Grey divorces are among couples who are nearing or at retirement age. While divorce rates in younger couples have leveled off, couples who have weathered the storms of marriage for twenty or more years are increasingly making the tough decision to live their lives apart.

There are specific things senior adults can do to avoid making big mistakes during divorce at this stage of life:

      1) Fix, don’t fight. There is a very positive, mutually beneficial divorce practice called the collaborative divorce process. Collaborative divorce brings both spouses, their attorneys, a Certified Divorce Financial Analysts (CDFA) and other specialists to the same table to discuss areas of importance. CDFAs help divorcing couples explore various financial choices before final decisions are made. Seeing the short and long impacts of financial decisions helps each side better understand the implications; in some cases, we’ve even seen couples decide to stay together!
      2) Pay attention to pension plans. Pensions are different because they are defined benefit plans, not defined contributions. While defined contribution plans, such as 401(k) accounts and 403(b) accounts, provide the values on their statements, pension plans, such as IPERS and FERS, are future income streams for retirement.

      There are two ways to value pensions plans. A “Benson Formula,” splits monthly benefits during retirement. Present-day valuation is offset with assets. Both of these options should be assessed by an attorney and financial team.

      If there is a plan to split monthly pension benefits between spouses during retirement, it is important to protect the ex-spouse of the worker (the person who has the pension plan) in case of death before retirement and after retirement benefits begin.

      3) Create a life insurance strategy. Most attorneys will only value life insurance policies for the cash value in the event it exists.
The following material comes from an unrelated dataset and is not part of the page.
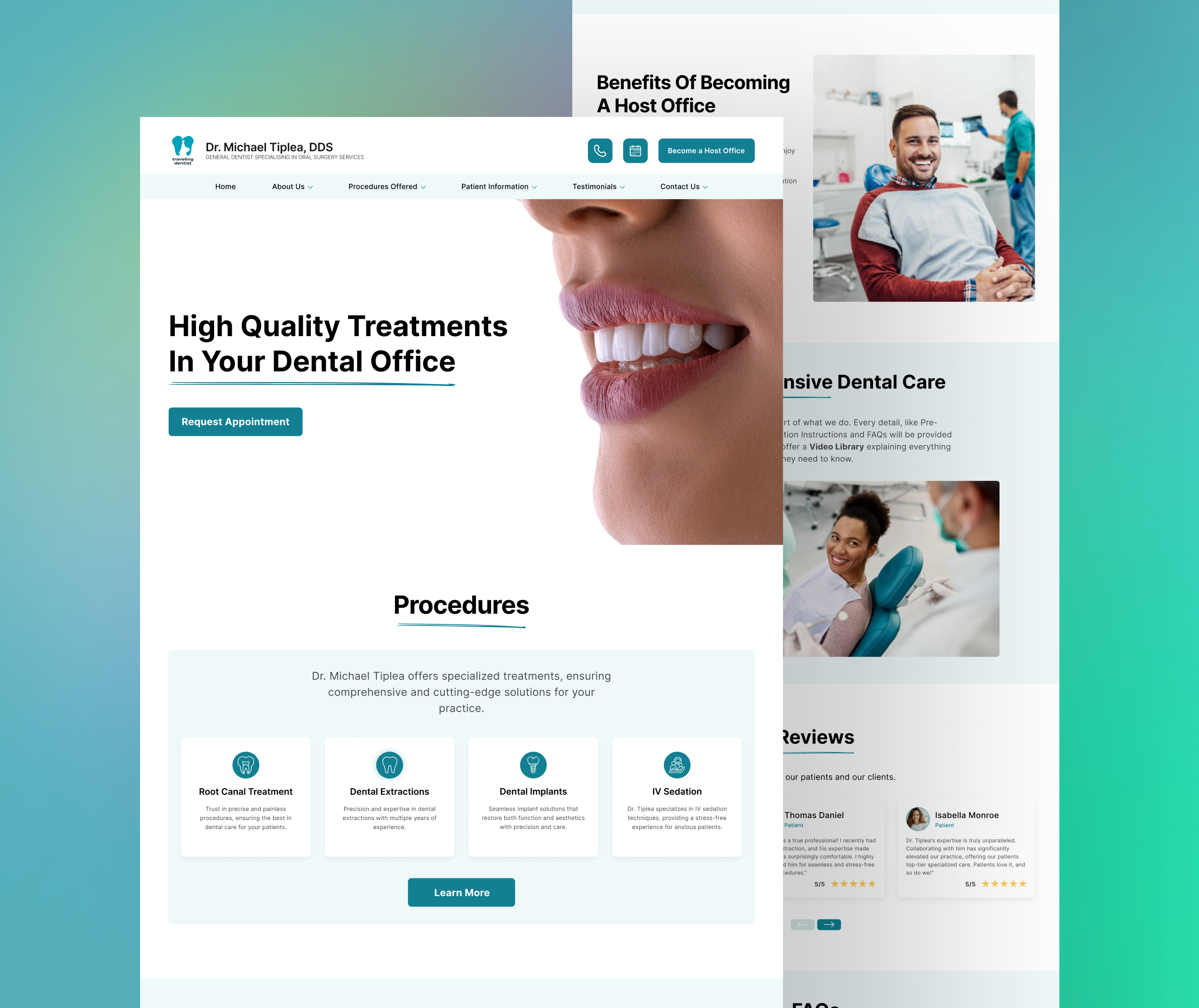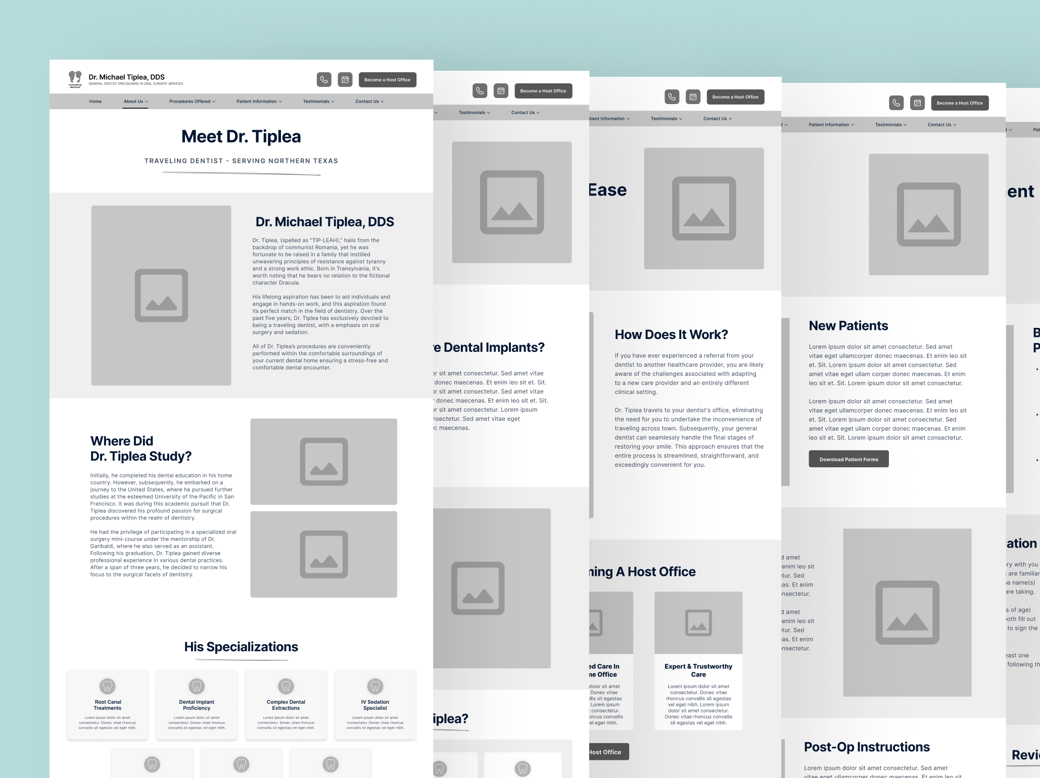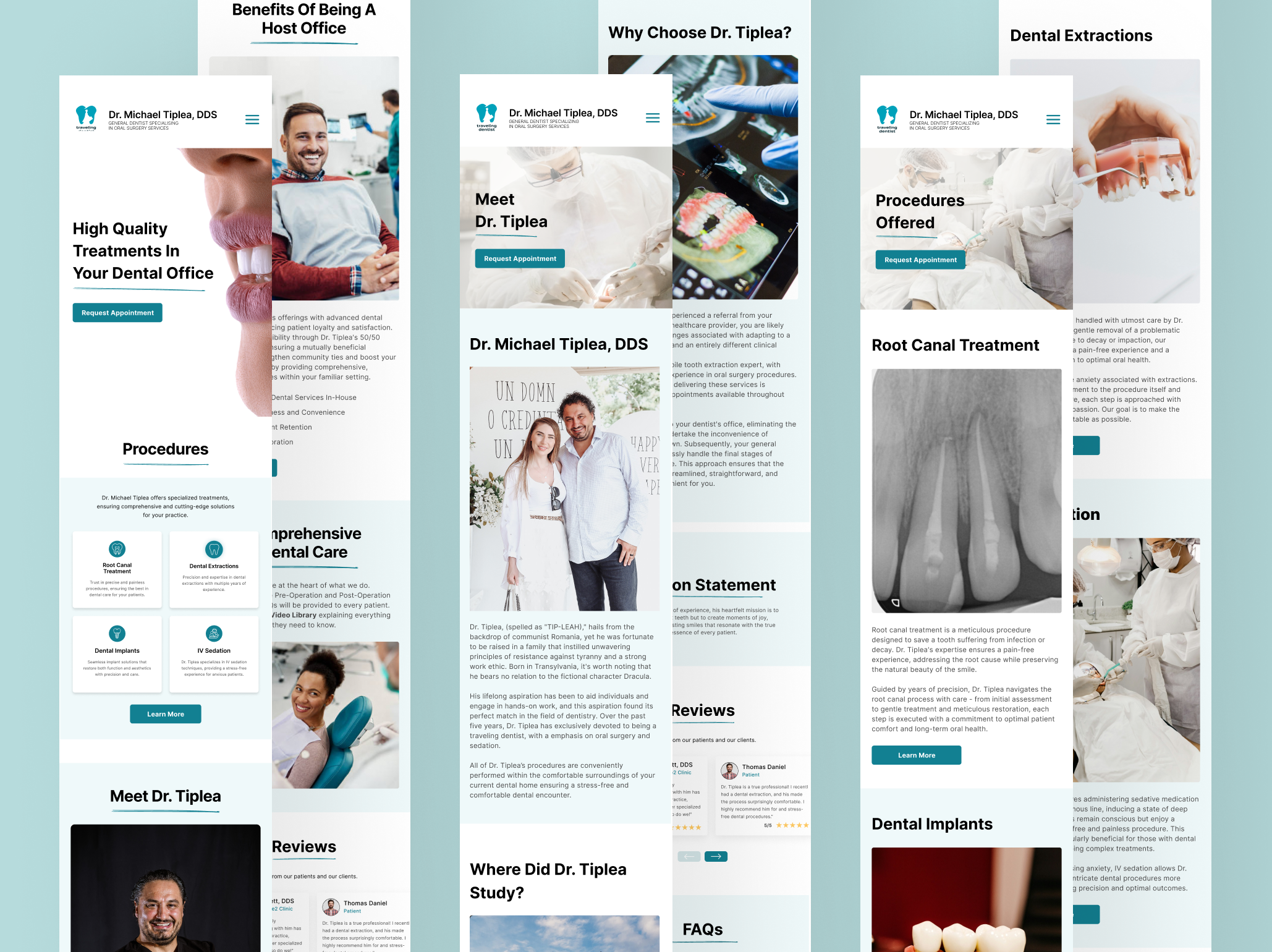 The "Travelling Dentist" project involved creating a digital platform for Dr. Michael Tiplea, a dental specialist offering mobile oral surgery services across Texas, USA, who was looking to expand his reach and improve service accessibility. The project's objective was to design an intuitive, user-friendly website that effectively communicates Dr. Tiplea's services and facilitates appointment scheduling for dental offices.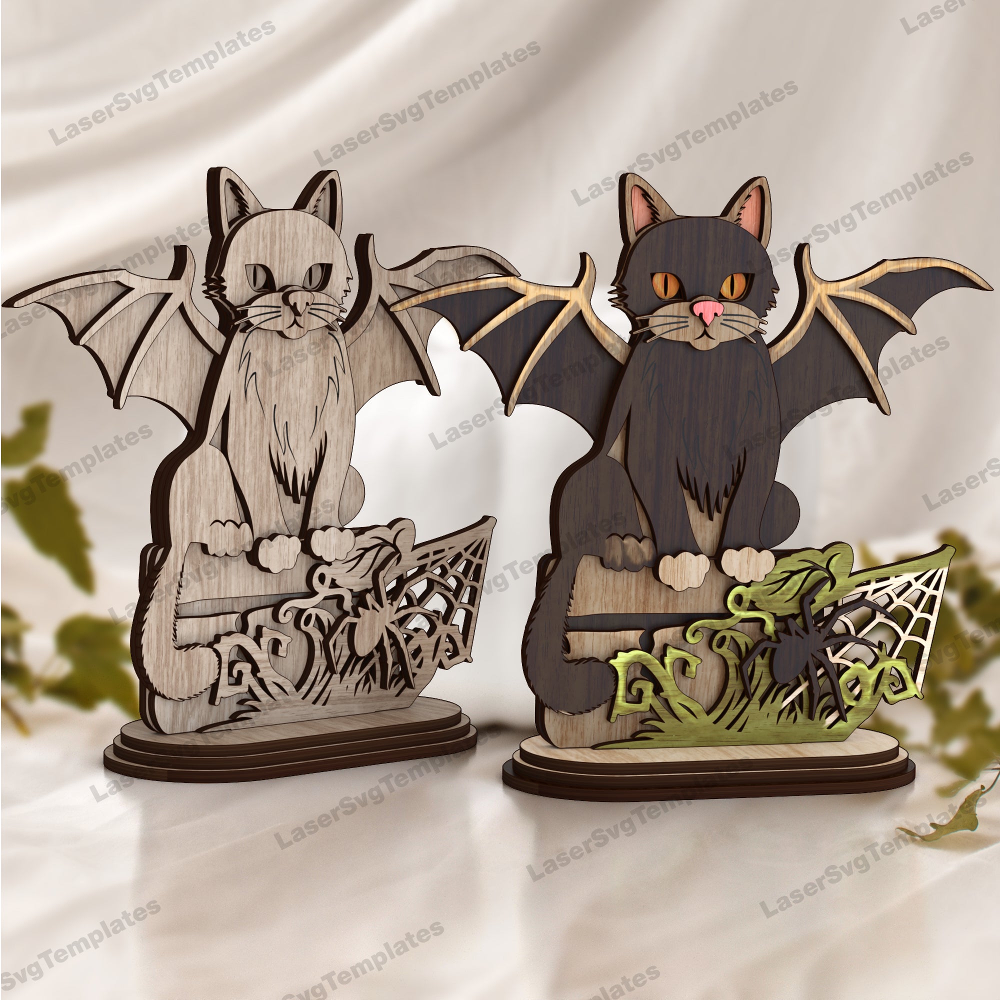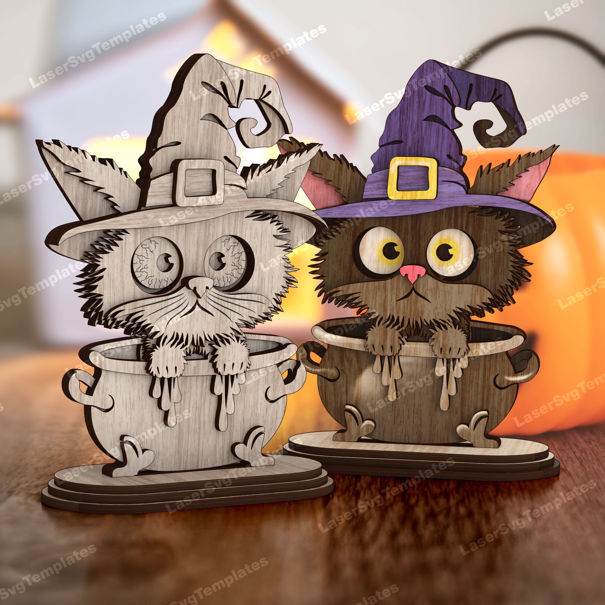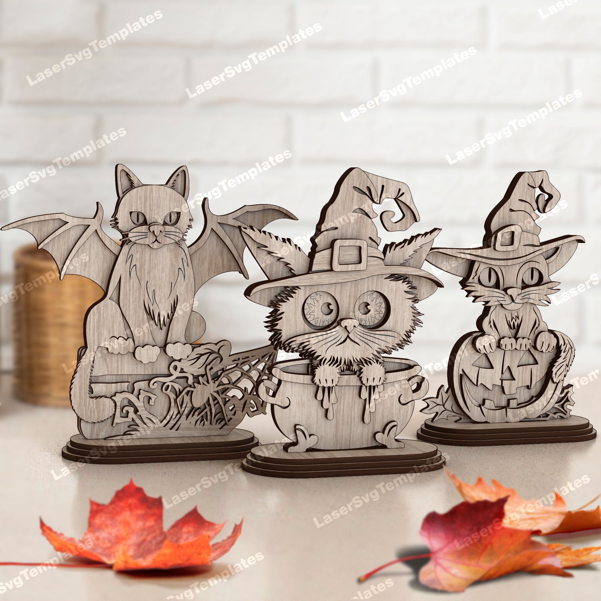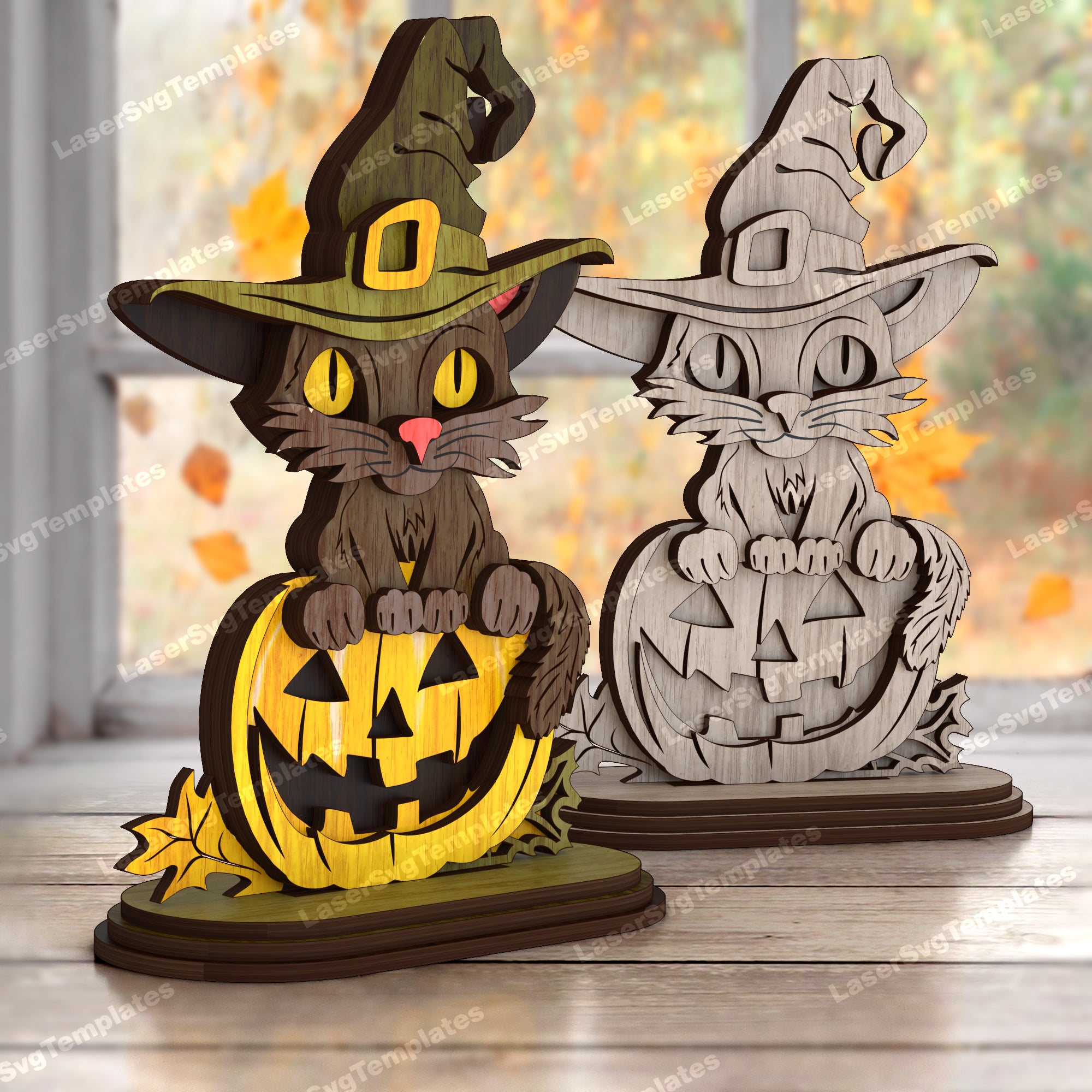 Halloween chats debout citrouille table décor laser coupé fichier svg

However, some policies allow change of ownership so one spouse is the beneficiary on the other spouse’s life insurance policy even after divorce. In this case, the death benefit can be of value to replace income (child or spousal support or pension income) or to pass assets to heirs through estate planning. And don’t forget — life insurance death benefits are not taxable under current law.
      4) Don’t overlook tax filing strategies for the year of the divorce. Couples should file individual returns for the year the divorce is finalized. Be careful of items that can cause unaccounted for tax implications such as spousal support, temporary orders, sale of investments, charitable contributions, withdraws from retirement accounts and child deductions, among others. Be sure to ask your CPA to review your divorce decree or settlement prior to signing.
      5) Couples married for 10 or more years may qualify for ex-spousal Social Security benefits (which does not affect the working ex-spouse’s benefits). There are two basic benefits an ex-spouse may receive: spousal benefits and survivorship spousal benefit.

Spousal benefits apply when the spouse with social security is still living and their ex-spouse is retirement age and/or disabled. The maximum available spousal benefit is 50 percent of the primary insurance amount.

If the spouse with social security is deceased, an ex-spouse of retirement age and/or who is disabled may be eligible for up to 100 percent of the survivor benefit, even when receiving social security benefits of their own.

Overall, it’s important to address your own intentions and expectations of divorce. Will you have the resources and means to maintain the lifestyle you want? Too often I see individuals who believe their lives will be much improved with divorce — emotionally, physically, financially and mentally. However, sometimes the financial realities don’t match expectations when there has been very little — or no — earning income years.

As with any major life transition, your finances need to be part of the plan. Find a professional you trust, and don’t be afraid to ask questions. In cases of divorce, a Certified Divorce Financial Analyst (CDFA) can be a major source of support and comfort throughout the planning process.